Wednesday, September 24, 2008

I Bailed....

Face plant, gravity won the moment, whatever you want to call it I found myself staring at the side of my bag, and momentarily wondering how I got here and if I stayed still could the world pass me by and we all forget this moment. It's just further humbling to know that your body could, can and does revolt, a foot steps too low and all changes.

In recent weeks I've come to the point where as embarassing as it was, or as I said to the lady, "Well that wasn't graceful, now was it?" you collect yourself, assess the damage (a run in my stockings) and forgive yourself. Forgive and know that without that we stand again with the unnecessary weight of a situation you had little control over. Sure there are plenty of things we can control, alter and as such are called to account for and deal with those moments, there are plenty we hold. We have a tendency to hold onto the falls and ignore the fails, the moments where we by our actions failed another. The switch from releasing the falls and taking hold of the fails is a difficult journey, but necessary. The next while will be about that progression for me, defining and finding the spaces in my life that need to be placed in those categories.
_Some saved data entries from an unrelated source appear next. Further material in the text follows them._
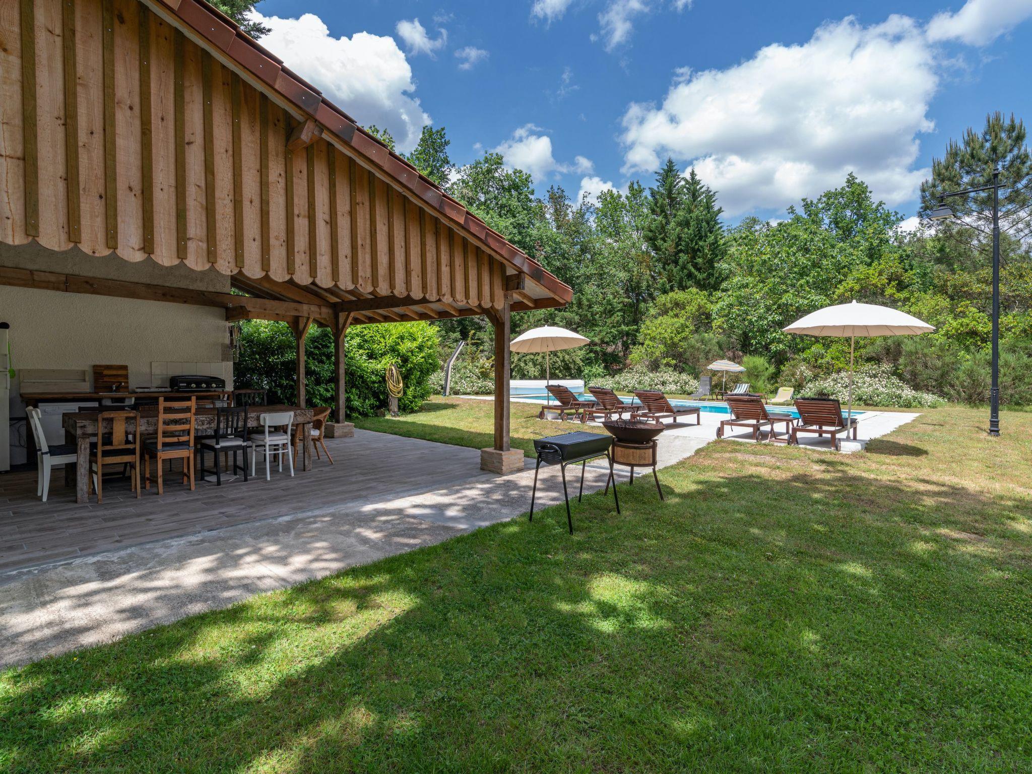 Venture outside to the cuisine d’été, a favored feature providing a summer kitchen and covered dining area with two large dining tables, comfortably seating up to 16 guests. The kitchen area, equipped with a fridge-freezer, dishwasher, and electric hob, alongside a standard charcoal barbecue, invites memorable al fresco dining by the private 5x11m swimming pool. The mature secluded gardens, filled with grand oaks and tall pines, offer various seating areas to enjoy the sun or shade.
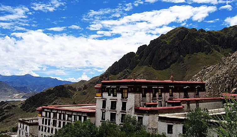 樓高3層,平頂宮堡式建筑,恢宏壯麗。殿內(nèi)供有藏傳佛教格魯派創(chuàng)始人宗喀巴大師等人佛像,陳設(shè)豪華,供器甚多。明崇禎十五年(1642年),和碩特蒙古首領(lǐng)固始汗支持達(dá)賴五世打敗藏巴汗后,建立了格魯派統(tǒng)治政權(quán),其政權(quán)機(jī)構(gòu)即設(shè)于此。直到清順治五年(1648年)布達(dá)拉宮白宮建成,達(dá)賴五世由該處移居布達(dá)拉宮,政權(quán)機(jī)構(gòu)也隨著轉(zhuǎn)移。后來,把格魯派統(tǒng)治的西藏地方政權(quán)統(tǒng)稱為甘丹頗章政權(quán)。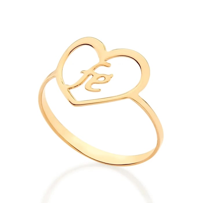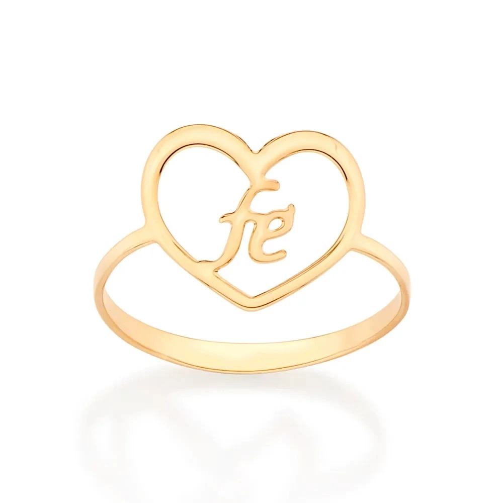ANEL SKINNY CORAÇÃO ESCRITO FÉ BANHADO A OURO 18K 513069 ROMMANEL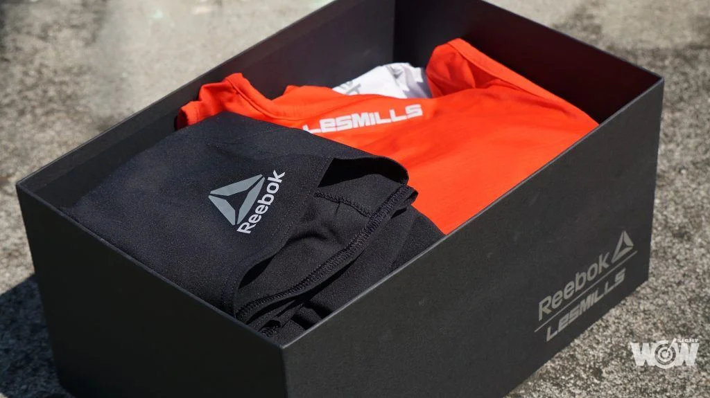 Reebok Les Mills精緻的包裝盒,裡頭是最新的服飾以及舒適的運動鞋。(圖/李宇政攝)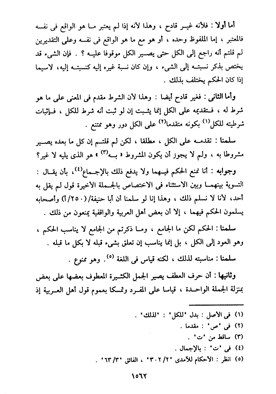 وأما الثاني: فغير قادح أيضًا: وهذا لأن الشرط مقدم في المعنى على ما هو شرط له، فتقديمه على الكل إنما يثبت إن لو ثبت أنه شرط للكل، فإثبات شرطيته للكل بكونه متقدمًا على الكل دور وهو ممتنع.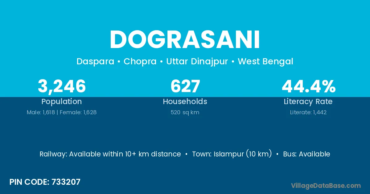 Islampur (10 km) is the nearest town to Dograsani village for major economic activities and is located approximately 10 km away.

In the meantime, despite my lack of grace - I have this truth to hold on to - sorry I couldn't find the song on Imeem:



Photo: http://flickr.com/photos/mikeknight/2103396416/

2 comments:

Shawn said...

I am sorry you fell in public. I know by our phone call you are not okay. I will pray that you have the healing from this accident. The embarrassing part will vanish with time.

GF Girl said...

that's the part that seems to remain, the scars seem to vanish first, but maybe this time will be different.